1. The Settlement Agreement between Rene Pardo and Staff of the Commission is approved;

2. Pursuant to clause 2 of subsection 127(1) of the Act, Pardo shall cease trading in securities for a period of two years from the date of this Order of the Commission approving the Settlement Agreement, subject to the following exceptions:

  1. Pardo shall be permitted to trade in securities through a registrant in registered retirement savings plans, registered retirement income funds or tax-free savings accounts (as defined in the Income Tax Act (Canada) or locked-in retirement accounts in which he has sole legal and beneficial ownership and interest, provided that:
    1. the securities are listed and posted for trading on the Toronto Stock Exchange, the New York Stock Exchange or NASDAQ (or their successor exchanges) or are issued by a mutual fund that is a reporting issuer, and
    2. Pardo does not own legally or beneficially more than 1% of the outstanding securities of the class or series of the class in question.
  2. Pardo shall be permitted to trade in the securities of Brainwave Research Corporation and Brainwave Products Inc. (the “Brainwave Entities”).

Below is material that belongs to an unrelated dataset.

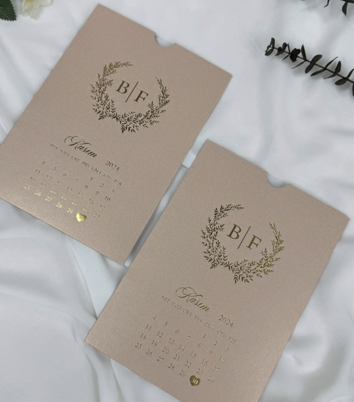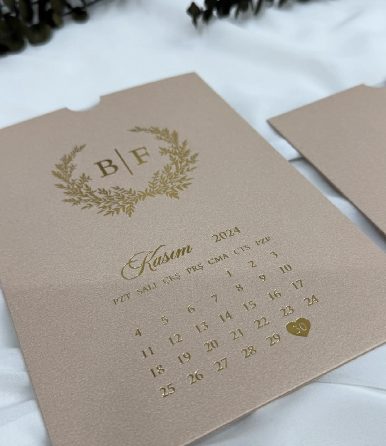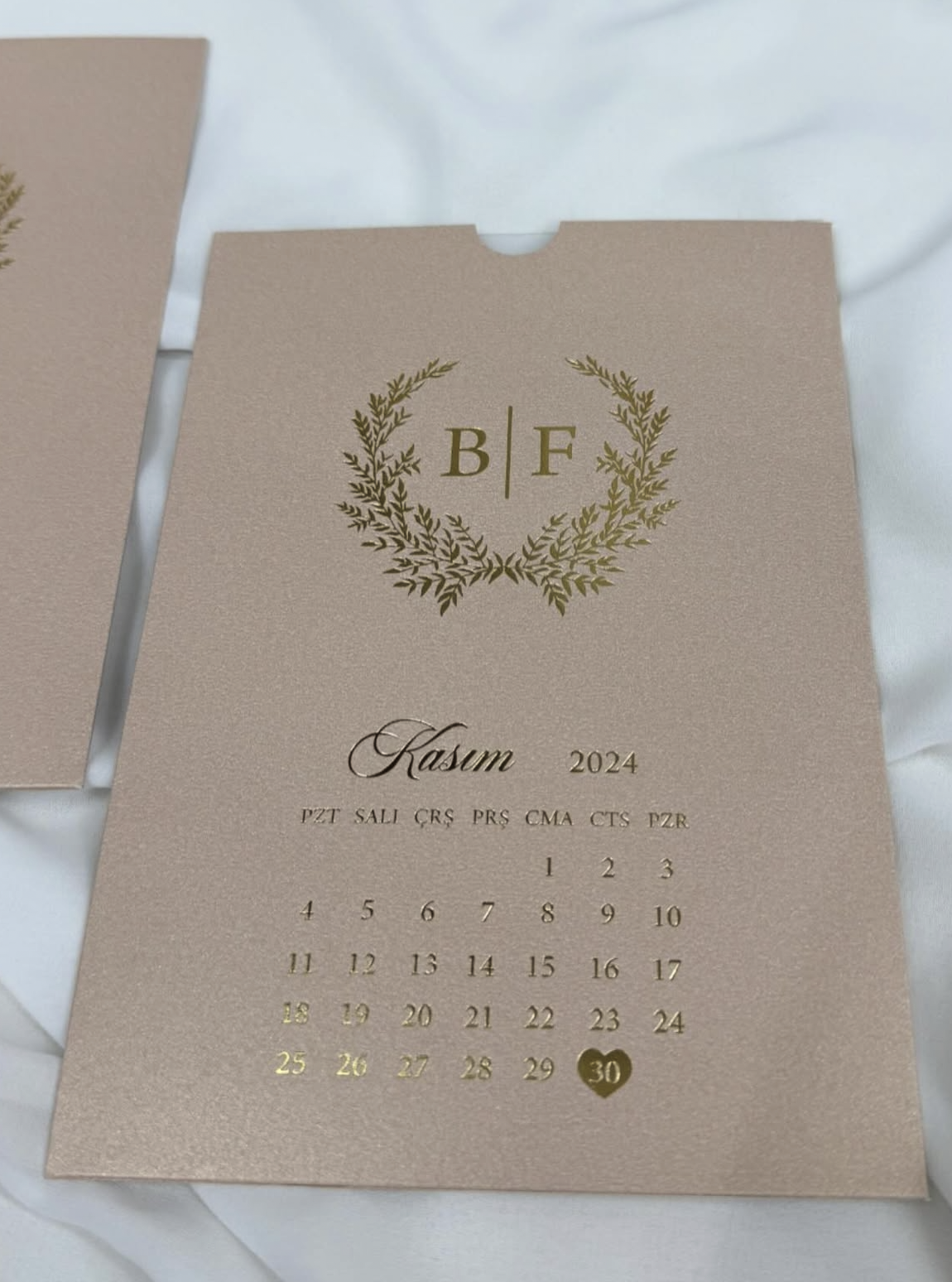 Calendrier Intégré : Le devant de la pochette affiche le mois de l'événement (Novembre 2024), servant de "Save the Date" pratique et décoratif, avec un petit cœur doré sur le jour J.

In particular, he is permitted to sell his shares in those companies if and when either or both of them are acquired. He is also permitted to attend and participate in meetings and presentations, and perform all necessary functions ancillary to any sale or placement of securities in either of the Brainwave Entities: and
  3. All of Pardo’s trading in the securities of Brainwave shall be conducted in compliance with Ontario securities law, and with the advice and assistance of an Ontario law firm with the relevant expertise in the area of securities law and laws governing the distribution of securities;

3. Pursuant to clause 3 of subsection 127(1) of the Act, any exemptions contained in Ontario securities law will not apply to Pardo for a period of two years from the date of this Order of the Commission approving the Settlement Agreement, except with respect to trading of the securities of the Brainwave Entities as described in paragraph 2 above;

4. Pursuant to clause 6 of subsection 127(1) of the Act, Pardo is reprimanded;

5. Pursuant to clause 7 of subsection 127(1) of the Act, Pardo shall resign as director or officer of any issuer on the date of this Order of the Commission approving the Settlement Agreement, except for 503124 Ontario Ltd., the Brainwave Entities and Intelligent Creatures Inc. and its affiliates on the condition that he provides a copy of the Order approving the Settlement Agreement to the Board of Directors of these companies and to their legal counsel within 10 days of the date of this Order approving the Settlement Agreement; and

6. Pursuant to clause 8 of subsection 127(1) of the Act, Pardo shall, except as set out in paragraph 5 above, be prohibited from becoming or acting as director or officer of any issuer for a period of two years from the date of this Order approving the Settlement Agreement, except that he will be permitted to be or act as a director and/or officer of 503124 Ontario Ltd., the Brainwave Entities and Intelligent Creatures Inc. and its affiliates.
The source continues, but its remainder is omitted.